The diameter of the Sun is about 400 times larger than the diameter of the Moon. The Moon is about 389 times closer to the Earth than the Sun. This means that the size of the Sun and Moon in the sky are about the same, and that happy coincidence is what allows us to have the greatest show on Earth: the solar eclipse.

Having the same apparent size is just the first requirement for a solar eclipse. To see a solar eclipse on Earth, the Moon must pass in front of the Sun from our vantage point. If the orbit of the Moon were exactly in line with the orbit of the Sun, then we might expect a solar eclipse once a month. But the Moon’s orbit is tilted about five degrees relative to the orbit of Earth, and this means that the Moon is often slightly above or below the Sun from our perspective when it passes between the Sun and Earth. So most months there is no solar eclipse.

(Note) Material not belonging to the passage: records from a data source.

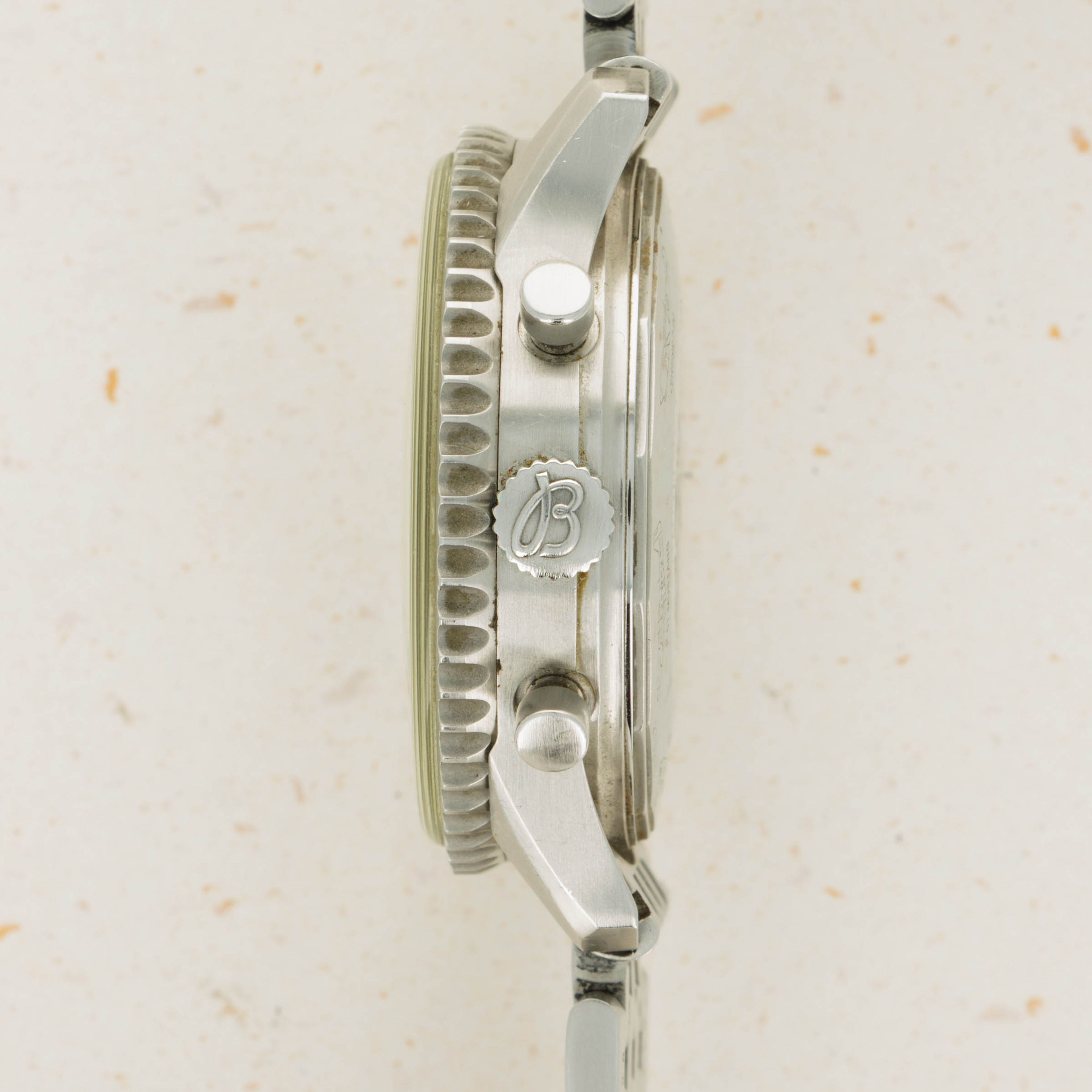 Watch is in very good overall condition. Case shows signs of use with some scratches and marks visible along the surface. There is slight surface corrosion between the mid-case and bezel visible around the edge near the lower pusher. There are marks visible along the bracelet and caseback areas as well. "B" signed crown has scratches visible. Dial appears to show no signs of wear or aging, but the crystal has marks and scratches visible on the surface. Bracelet has 8 links total, 1 of which is removable. It will fit a 6 1/2" wrist.
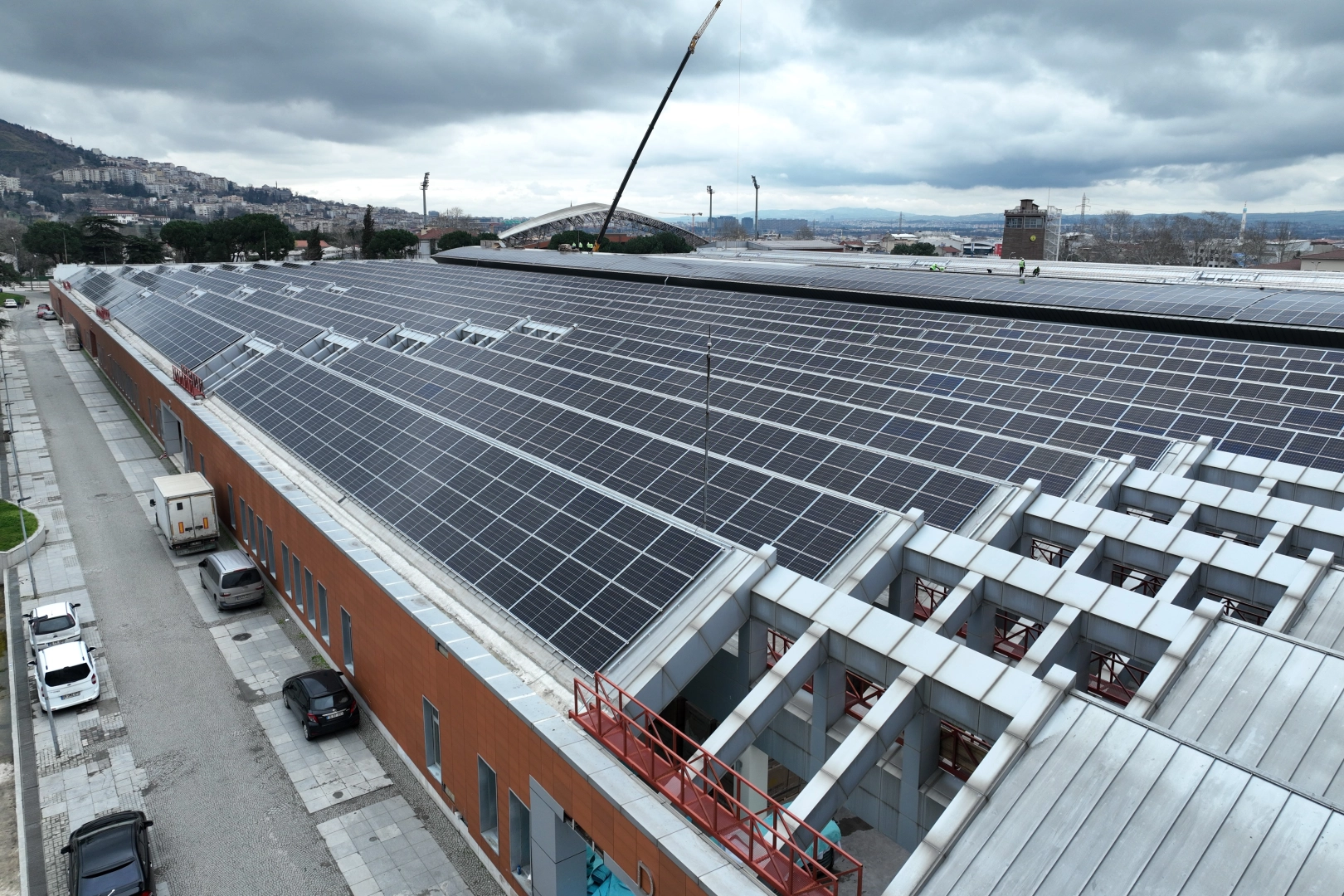 Bursa’da daha sağlıklı bir gelecek için yenilenebilir enerji yatırımlarına sürdüren Büyükşehir Belediyesi, Merinos Atatürk Kongre ve Kültür Merkezi binası çatısını güneş panelleri ile donatıyor. 1
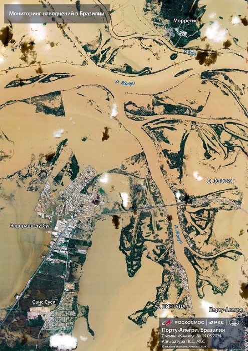 "Debido a las lluvias anormalmente intensas que empezaron a finales de abril, el estado de Rio Grande do Sul se inundó, lo que ha provocado deslizamientos de tierra, carreteras arrasadas y el derrumbe de puentes y presas en toda la región", señaló Roscosmos.
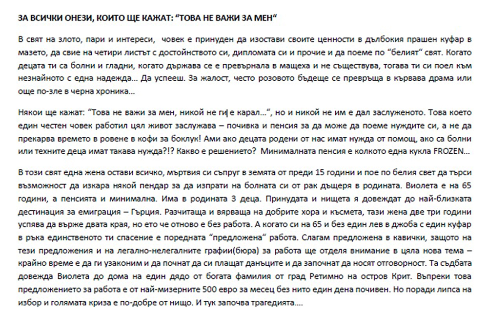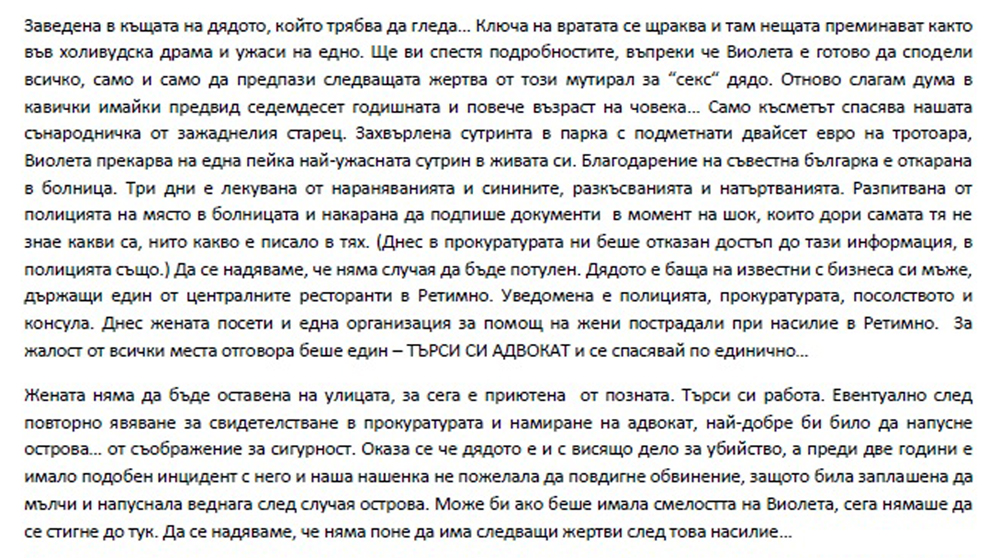 Една българка, подгонена от мизерията, отива в гр. Ретимно на остров Крит да гледа болен дядо, за да помогне на дъщеря си, която е болна от рак, и на внуците си. За съжаление обаче дядото се оказва сексманиак, чийто син е богат и влиятелен бизнесмен. Няма кой да защити тази българка, преживяла гавра и насилие, я тя е твърде бедна да си наеме адвокат… Повече за тази история може да се разбере от видеоматериала по-долу, публикуван вчера в You Tube от Сдружението на българите на остров Крит. Както и в обяснителния текст, написан от член на това сдружение, който следва след видеото.
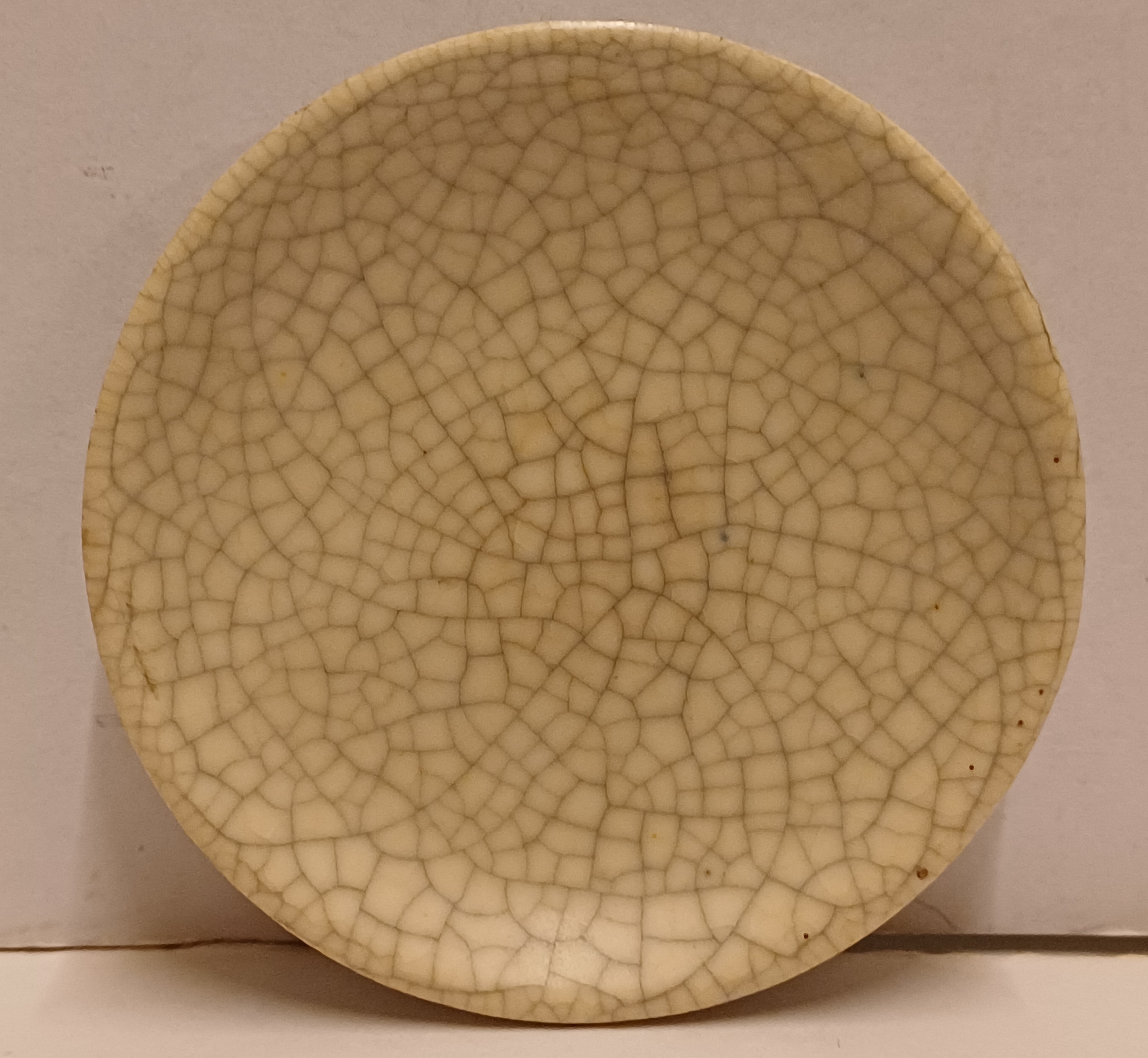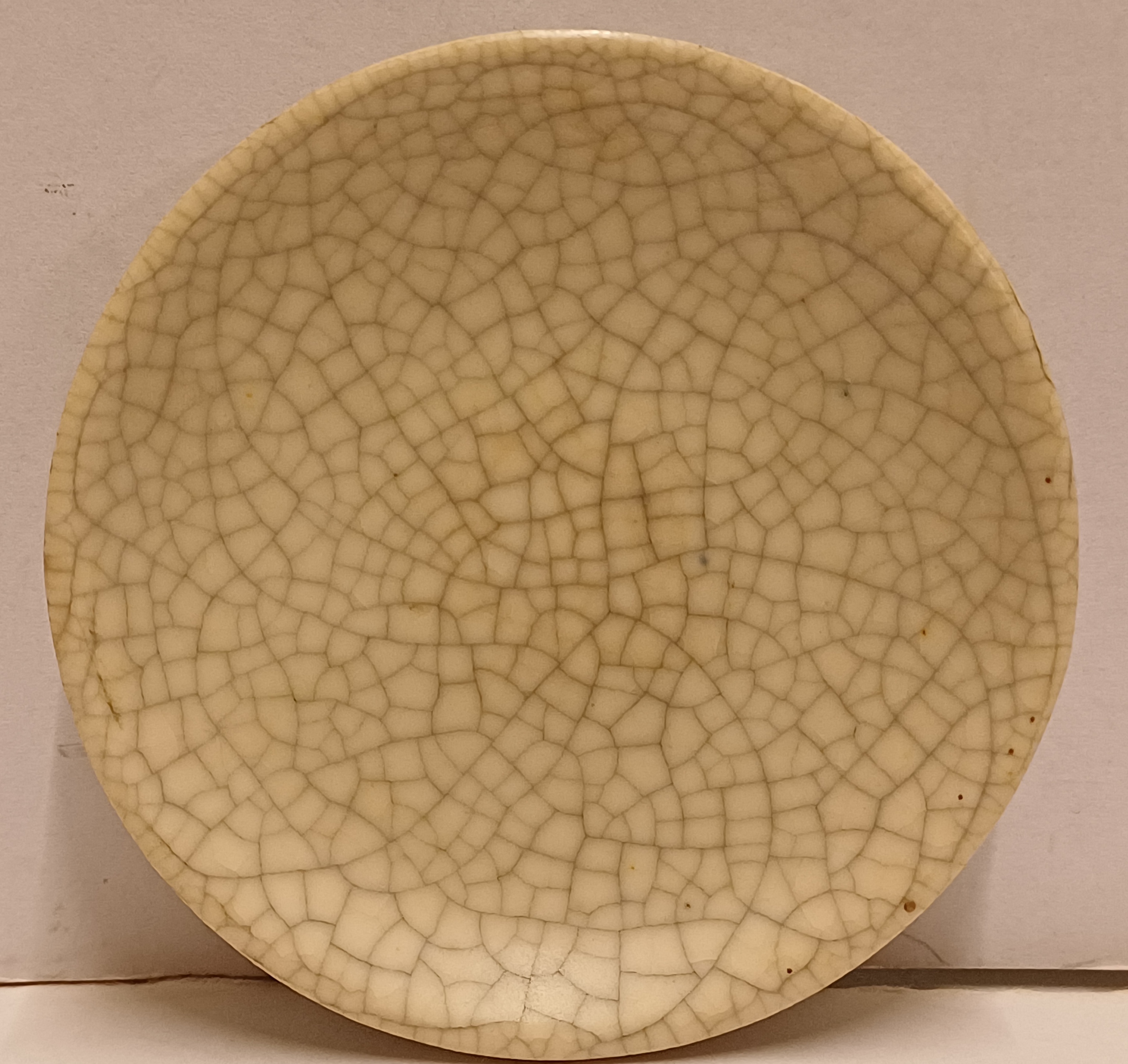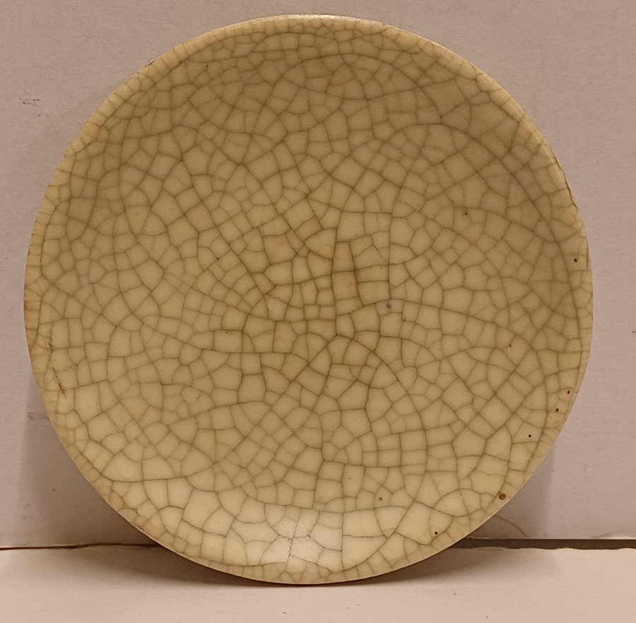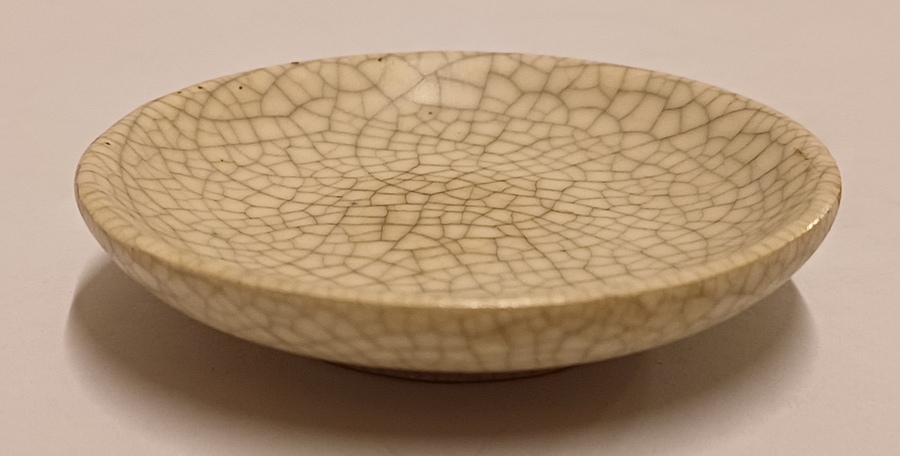 Kleines Schälchen mit feiner Craquelé auf cremefarbenem Untergrund. Unterseite signiert und mit Modellnummer 792.
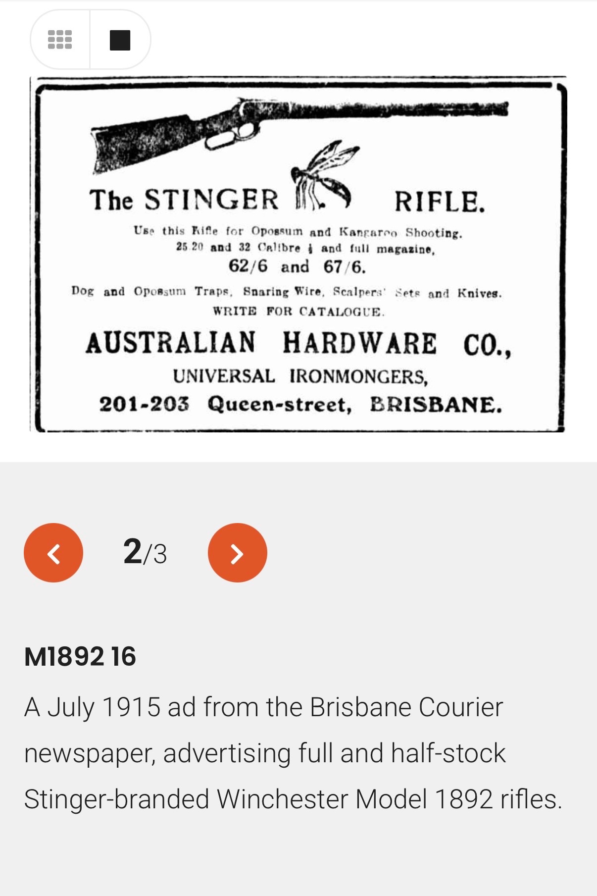 Between the 1890s and ~1920, Winchester shipped Model 1892 carbines to Perry Brothers Ltd. of Brisbane, factory-marked as “THE STINGER” with a wasp emblem.

For the Moon to be lined up in the right way, it has to be located near the plane of the Earth’s orbit when it passes in front of the Sun, and this only happens twice a year, about 6 months apart. This is why there are “eclipse seasons” in Spring and Fall. At least one eclipse occurs during each eclipse season.

Not All the Same

Not all solar eclipses are alike. As seen in the image below, since the Sun is larger than the Moon, there are regions where only part of the Sun is blocked by the Moon, and the resulting shadow is called the penumbra. For a much smaller region where the Sun is completely blocked by the Moon, the shadow is called the umbra. The type of eclipse you observe depends in part on whether you are viewing it from the umbra or penumbra.

Image Credit: Ernie Wright / NASA

If you are standing in the penumbra, then you will see the Moon block part of the Sun during the eclipse. This is known as a partial eclipse. Since the penumbra is much larger than the umbra, this is the most commonly observed type of eclipse. Sometimes only the penumbra crosses the Earth, and only a partial eclipse is observed, but usually both penumbra and umbra cross the Earth. Most of us only see a partial eclipse if we are lucky, but those standing in the umbra see a very different view.

For those standing in the umbra, the Moon is directly in front of the Sun. One would therefore expect the Moon to completely block the Sun, producing what is known as a total eclipse. Often this happens, but not always. Although the Sun and Moon appear to be about the same size in the sky, their apparent sizes vary slightly. The orbit of the Earth is not perfectly circular, so sometimes it is slightly closer to the Sun, and other times slightly farther away. This means the Sun can appear slightly larger or slightly smaller. Likewise, the orbit of the Moon isn’t perfectly circular, so the Moon can appear slightly larger or smaller as well.

Rare Events

These variations are small, so usually we don’t notice them. But during an eclipse these variations matter significantly. When the Moon appears slightly larger and the Sun slightly smaller, the Moon can completely block the Sun, and viewed from the umbra it appears as a total eclipse. If the Moon is slightly smaller and the Sun is slightly larger, then the Moon can’t completely block the Sun. Instead it mostly blocks the Sun except for a thin outer ring. This produces what is known as an annular (ring) eclipse.

Image Credit: Vic Winter / NASA

The most rare type of eclipse is known as a hybrid eclipse. In this case the Moon is initially large enough to completely block the Sun, but as the umbra crosses the Earth the relative apparent size of the Sun and Moon shift, so that the Moon is no longer able to completely block the Sun. This means that what begins as a total eclipse changes to an annular one. The reverse is also possible, where an annular eclipse becomes a total eclipse. This means that some people can see a total eclipse, while others can see an annular one.

If you live in the United States and have never seen a total eclipse, make plans for August 21, 2017. On that day a total eclipse will cross the US from Oregon to South Carolina, making it within a day’s drive of most of the country.